The whole listing below is to be copied exactly, with every picture left out.

(EXERCISE INPUTS Opens)

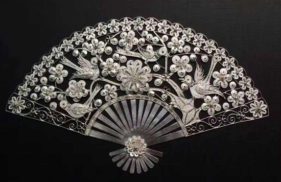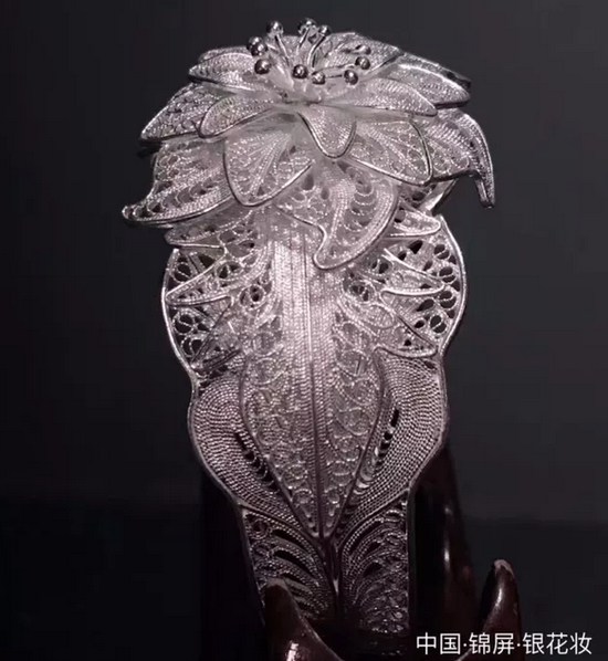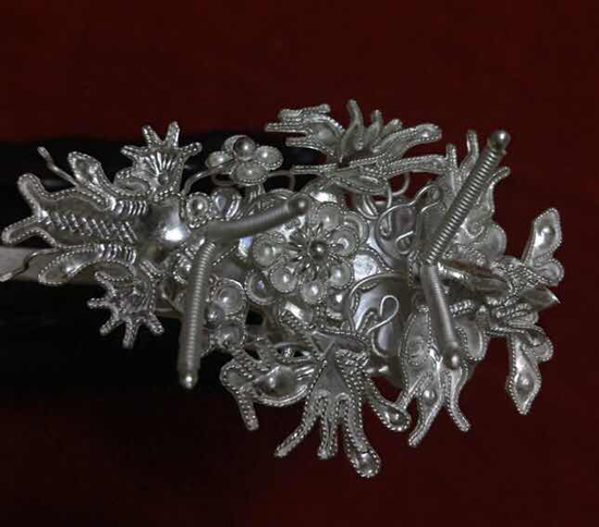 北侗银饰工艺种类较多,最为体现其艺术水准价值的要数“银花妆”手工拉丝工艺与乱丝工艺,手工拉丝工作是银饰锻制技艺中最为精湛的工艺,展现了银饰加工的最高水平,同时也蕴含了粗犷中细腻的精致,经过36道工序,将一块银原料手工制成一款三层拉丝掐花成品,丝细如发,没有任何的焊点,巧夺天工。
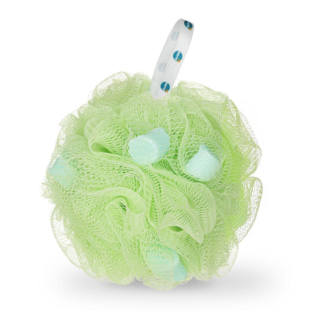 Balmy Olive Blossom sunđer za tuširanje sa sapunom omogućava bogatu penu bez dodatnog sapuna ili gela. Miris maslinovog cveta pruža osvežavajuće iskustvo tuširanja, dok nežna mrežasta struktura sunđera temeljno čisti i omekšava kožu.
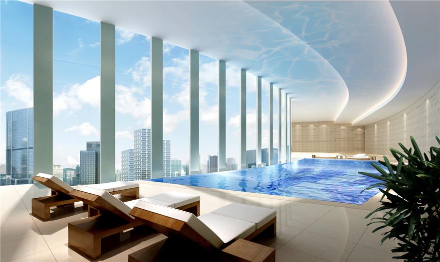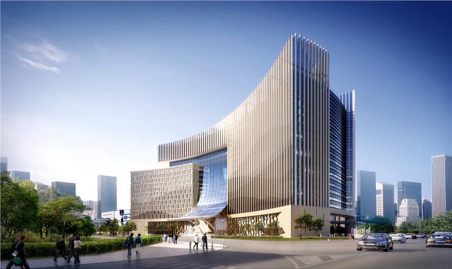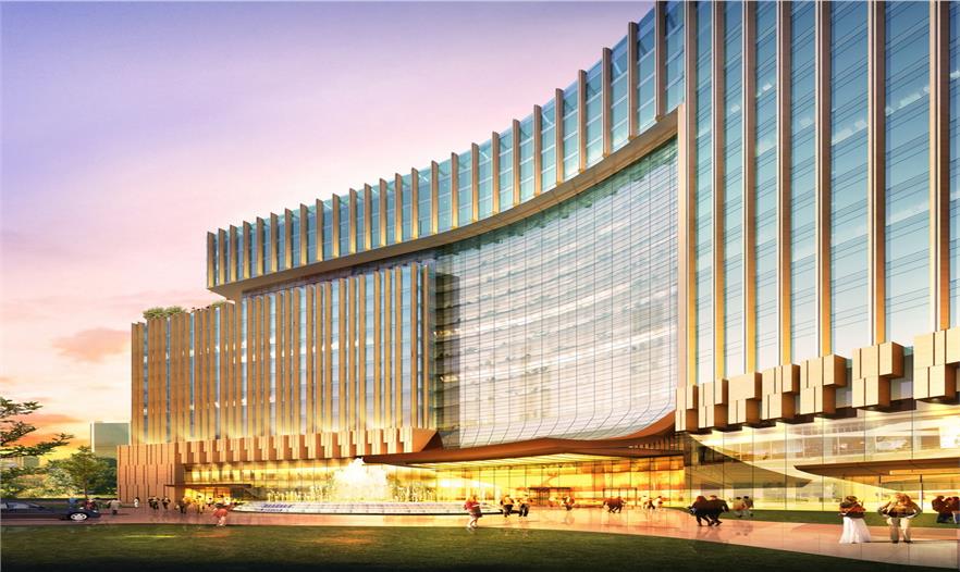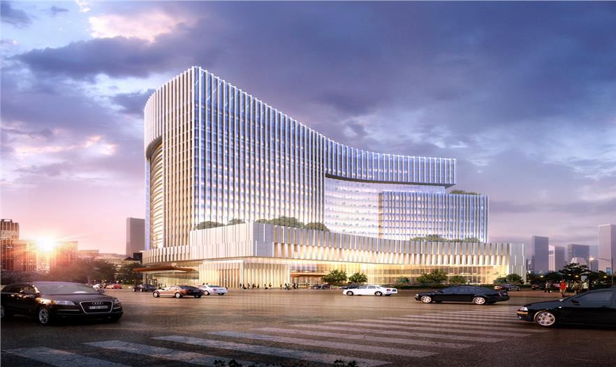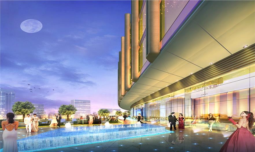 項(xiàng)目的建筑主體由酒店、辦公兩部分組成,東側(cè)為酒店,西側(cè)為辦公,中部設(shè)有一個(gè)面積約1500平方米,最高高度約30米的酒店大堂,南向有三千余平米花園美景,成為酒店公共空間的核心。酒店擁有5000平方米的高水準(zhǔn)會議設(shè)施,并擁有專屬屋頂草坪花園作為戶外商務(wù)活動的延伸。豐富多樣餐飲、酒廊、酒吧,為商務(wù)客人提供了便利與交流的空間。酒店標(biāo)準(zhǔn)層布局合理,每間客房空間尺度舒適,并通過合理幕墻設(shè)計(jì),使每間客房均擁有極佳城市景觀,規(guī)格豐富的高端套房布局在東部,更是擁有的絕佳的三面都市景觀。商務(wù)樓層布局在最高部,建筑退臺的造型,別具匠心地創(chuàng)造了一個(gè)帶有空中立體花園的高品質(zhì)行政酒廊,這將會帶給商務(wù)客人難忘的體驗(yàn)??罩衅呤赘叨?,還擁有酒店又一大空中的特色,空中無邊際游泳池、健身房、SPA水療中心,結(jié)合建筑頂部的造型,成為酒店另一個(gè)空間上的亮點(diǎn),帶給客人獨(dú)特體驗(yàn)。建筑的頂部西高東低,呈弧線型設(shè)計(jì)創(chuàng)造了優(yōu)美的城市天際線,突顯了建筑的整體形象。
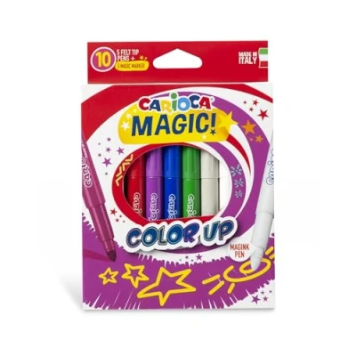 Box of 10 CARIOCA Color Up markers: magic ink markers for coloring over other colors with a maxi 6mm tip. Includes 5 Magink markers The 5 Magink markers included in the pack allow you to color over other colors thanks to their magical ink! Made in Italy Warnings: Not suitable for children under 3 years old; small detachable parts; choking hazard. CARIOCA products are made with the utmost care, quality, and safety For over 50 years CARIOCA has been a symbol of the best Made in Italy with products designed to develop children's creativity: markers, colored pencils, tempera, crayons, educational games and more The inks of CARIOCA markers are produced entirely in the Settimo Torinese factories with food-grade dyes and ensure unbeatable levels of washability and brilliance.
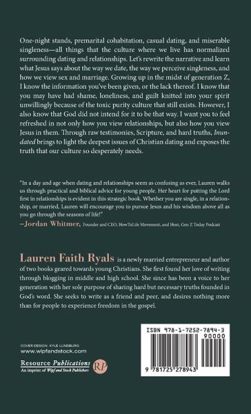 One-night stands, premarital cohabitation, casual dating, and miserable singleness--all things that the culture where we live has normalized surrounding dating and relationships. Let's rewrite the narrative and learn what Jesus says about the way we date, the way we perceive singleness, and how we view sex and marriage. Growing up in the midst of generation Z, I know the information you've been given, or the lack thereof. I know that you may have had shame, loneliness, and guilt knitted into your spirit unwillingly because of the toxic purity culture that still exists. However, I also know that God did not intend for it to be that way. I want you to feel refreshed in not only how you view relationships, but also how you view Jesus in them. Through raw testimonies, Scripture, and hard truths, Inundated brings to light the deepest issues of Christian dating and exposes the truth that our culture so desperately needs.
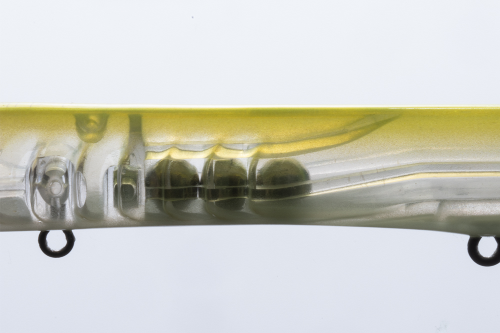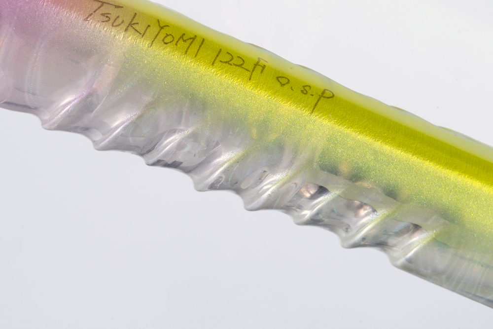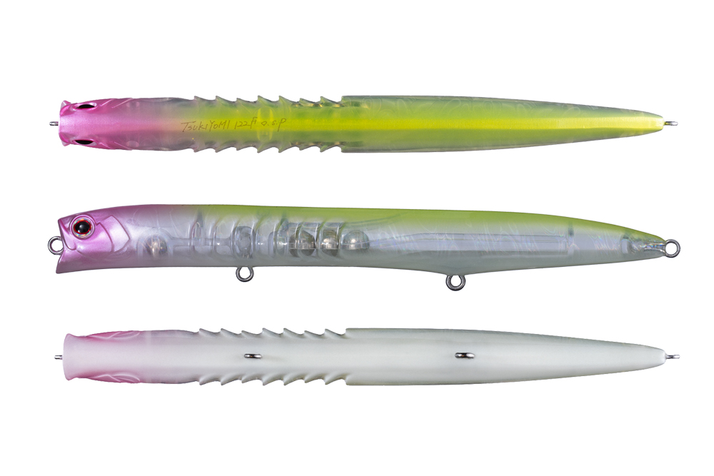 細身のシルエットで弱波動のルアーはどうしてもノー感じになりがちである。その欠点を克服するべく、デザインと設計を徹底追及。月夜巳はアングラー自身がしっかりとした操作感を得られて、使いやすく釣れるというトータル性能を向上させたフローティングミノーである。口元の水受け面と側面の表面積を増やしたサイドジャギーの両方が水流を受けることで、弱波動アクションはそのままに巻き感をアップ。細身で抵抗の少ないルアーでは得難い水中の情報を明確にキャッチし、流速の変化にいち早く対応することを可能とした。デッドスローでは頭から尻尾にかけてボディ全体で引き波を立ててI字で泳ぎ、流れを受けると、徐々にサイドジャギーから尻尾へと引き波を出す位置を変えながら、ふらつきロールアクションへと変化していく。安定した水平姿勢、かつ弱々しいアクションはセレクティブなシーバスにも口を使わせる。

(EXERCISE INPUTS Closes)

> [WRITTEN ANSWER]
 北侗银饰工艺种类较多,最为体现其艺术水准价值的要数“银花妆”手工拉丝工艺与乱丝工艺,手工拉丝工作是银饰锻制技艺中最为精湛的工艺,展现了银饰加工的最高水平,同时也蕴含了粗犷中细腻的精致,经过36道工序,将一块银原料手工制成一款三层拉丝掐花成品,丝细如发,没有任何的焊点,巧夺天工。
 Balmy Olive Blossom sunđer za tuširanje sa sapunom omogućava bogatu penu bez dodatnog sapuna ili gela. Miris maslinovog cveta pruža osvežavajuće iskustvo tuširanja, dok nežna mrežasta struktura sunđera temeljno čisti i omekšava kožu.
 項(xiàng)目的建筑主體由酒店、辦公兩部分組成,東側(cè)為酒店,西側(cè)為辦公,中部設(shè)有一個(gè)面積約1500平方米,最高高度約30米的酒店大堂,南向有三千余平米花園美景,成為酒店公共空間的核心。酒店擁有5000平方米的高水準(zhǔn)會議設(shè)施,并擁有專屬屋頂草坪花園作為戶外商務(wù)活動的延伸。豐富多樣餐飲、酒廊、酒吧,為商務(wù)客人提供了便利與交流的空間。酒店標(biāo)準(zhǔn)層布局合理,每間客房空間尺度舒適,并通過合理幕墻設(shè)計(jì),使每間客房均擁有極佳城市景觀,規(guī)格豐富的高端套房布局在東部,更是擁有的絕佳的三面都市景觀。商務(wù)樓層布局在最高部,建筑退臺的造型,別具匠心地創(chuàng)造了一個(gè)帶有空中立體花園的高品質(zhì)行政酒廊,這將會帶給商務(wù)客人難忘的體驗(yàn)??罩衅呤赘叨?,還擁有酒店又一大空中的特色,空中無邊際游泳池、健身房、SPA水療中心,結(jié)合建筑頂部的造型,成為酒店另一個(gè)空間上的亮點(diǎn),帶給客人獨(dú)特體驗(yàn)。建筑的頂部西高東低,呈弧線型設(shè)計(jì)創(chuàng)造了優(yōu)美的城市天際線,突顯了建筑的整體形象。
 Box of 10 CARIOCA Color Up markers: magic ink markers for coloring over other colors with a maxi 6mm tip. Includes 5 Magink markers The 5 Magink markers included in the pack allow you to color over other colors thanks to their magical ink! Made in Italy Warnings: Not suitable for children under 3 years old; small detachable parts; choking hazard. CARIOCA products are made with the utmost care, quality, and safety For over 50 years CARIOCA has been a symbol of the best Made in Italy with products designed to develop children's creativity: markers, colored pencils, tempera, crayons, educational games and more The inks of CARIOCA markers are produced entirely in the Settimo Torinese factories with food-grade dyes and ensure unbeatable levels of washability and brilliance.
 One-night stands, premarital cohabitation, casual dating, and miserable singleness--all things that the culture where we live has normalized surrounding dating and relationships. Let's rewrite the narrative and learn what Jesus says about the way we date, the way we perceive singleness, and how we view sex and marriage. Growing up in the midst of generation Z, I know the information you've been given, or the lack thereof. I know that you may have had shame, loneliness, and guilt knitted into your spirit unwillingly because of the toxic purity culture that still exists. However, I also know that God did not intend for it to be that way. I want you to feel refreshed in not only how you view relationships, but also how you view Jesus in them. Through raw testimonies, Scripture, and hard truths, Inundated brings to light the deepest issues of Christian dating and exposes the truth that our culture so desperately needs.
 細身のシルエットで弱波動のルアーはどうしてもノー感じになりがちである。その欠点を克服するべく、デザインと設計を徹底追及。月夜巳はアングラー自身がしっかりとした操作感を得られて、使いやすく釣れるというトータル性能を向上させたフローティングミノーである。口元の水受け面と側面の表面積を増やしたサイドジャギーの両方が水流を受けることで、弱波動アクションはそのままに巻き感をアップ。細身で抵抗の少ないルアーでは得難い水中の情報を明確にキャッチし、流速の変化にいち早く対応することを可能とした。デッドスローでは頭から尻尾にかけてボディ全体で引き波を立ててI字で泳ぎ、流れを受けると、徐々にサイドジャギーから尻尾へと引き波を出す位置を変えながら、ふらつきロールアクションへと変化していく。安定した水平姿勢、かつ弱々しいアクションはセレクティブなシーバスにも口を使わせる。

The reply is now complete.